§ What to work on: Set down, word for word, every line of the material below from the one containing "Toate activitățile din" through the one containing "NZDUSD, H4: NZDUSD", but none of its pictures.

§ Source records:
****

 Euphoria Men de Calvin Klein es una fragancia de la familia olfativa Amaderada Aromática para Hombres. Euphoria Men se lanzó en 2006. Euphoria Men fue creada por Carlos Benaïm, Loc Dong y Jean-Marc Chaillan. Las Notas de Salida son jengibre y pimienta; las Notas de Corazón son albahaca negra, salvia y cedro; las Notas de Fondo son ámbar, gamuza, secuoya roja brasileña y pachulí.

****

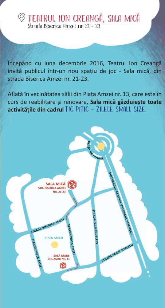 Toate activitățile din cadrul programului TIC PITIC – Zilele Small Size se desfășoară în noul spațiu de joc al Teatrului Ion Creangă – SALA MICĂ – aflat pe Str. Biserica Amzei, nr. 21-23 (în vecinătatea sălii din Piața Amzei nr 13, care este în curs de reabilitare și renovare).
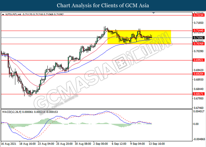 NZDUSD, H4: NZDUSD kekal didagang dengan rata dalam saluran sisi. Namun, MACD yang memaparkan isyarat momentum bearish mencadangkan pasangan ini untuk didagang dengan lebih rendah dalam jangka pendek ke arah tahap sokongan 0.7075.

****

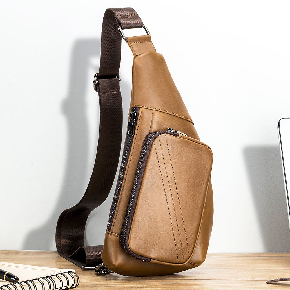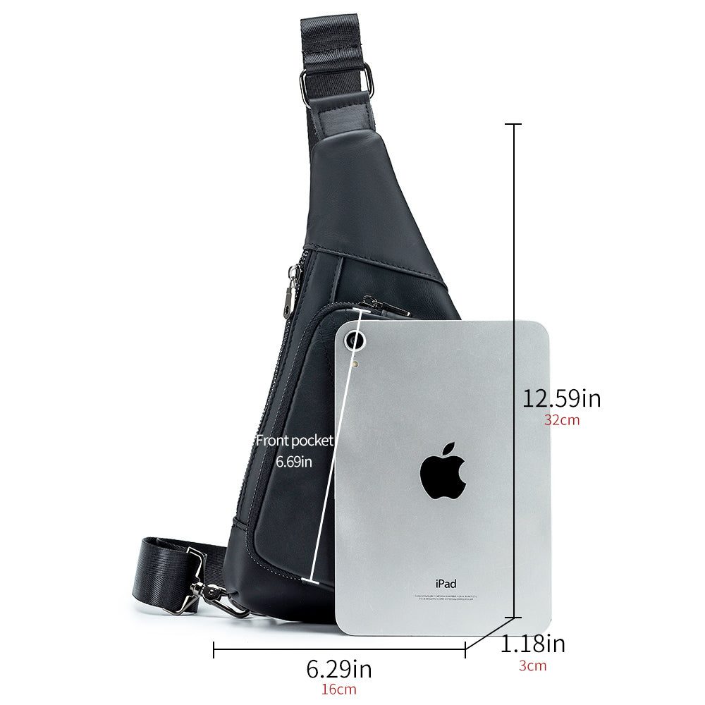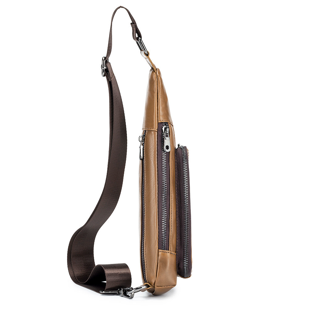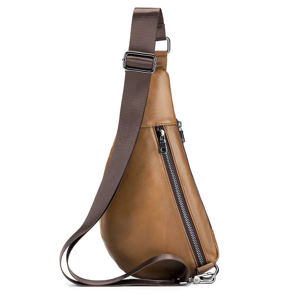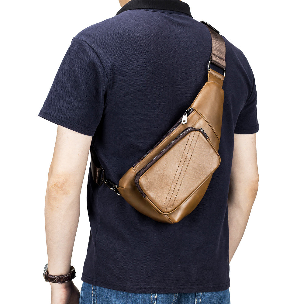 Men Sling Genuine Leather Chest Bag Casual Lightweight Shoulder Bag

****

§ Response to this exercise:
 Toate activitățile din cadrul programului TIC PITIC – Zilele Small Size se desfășoară în noul spațiu de joc al Teatrului Ion Creangă – SALA MICĂ – aflat pe Str. Biserica Amzei, nr. 21-23 (în vecinătatea sălii din Piața Amzei nr 13, care este în curs de reabilitare și renovare).
 NZDUSD, H4: NZDUSD kekal didagang dengan rata dalam saluran sisi. Namun, MACD yang memaparkan isyarat momentum bearish mencadangkan pasangan ini untuk didagang dengan lebih rendah dalam jangka pendek ke arah tahap sokongan 0.7075.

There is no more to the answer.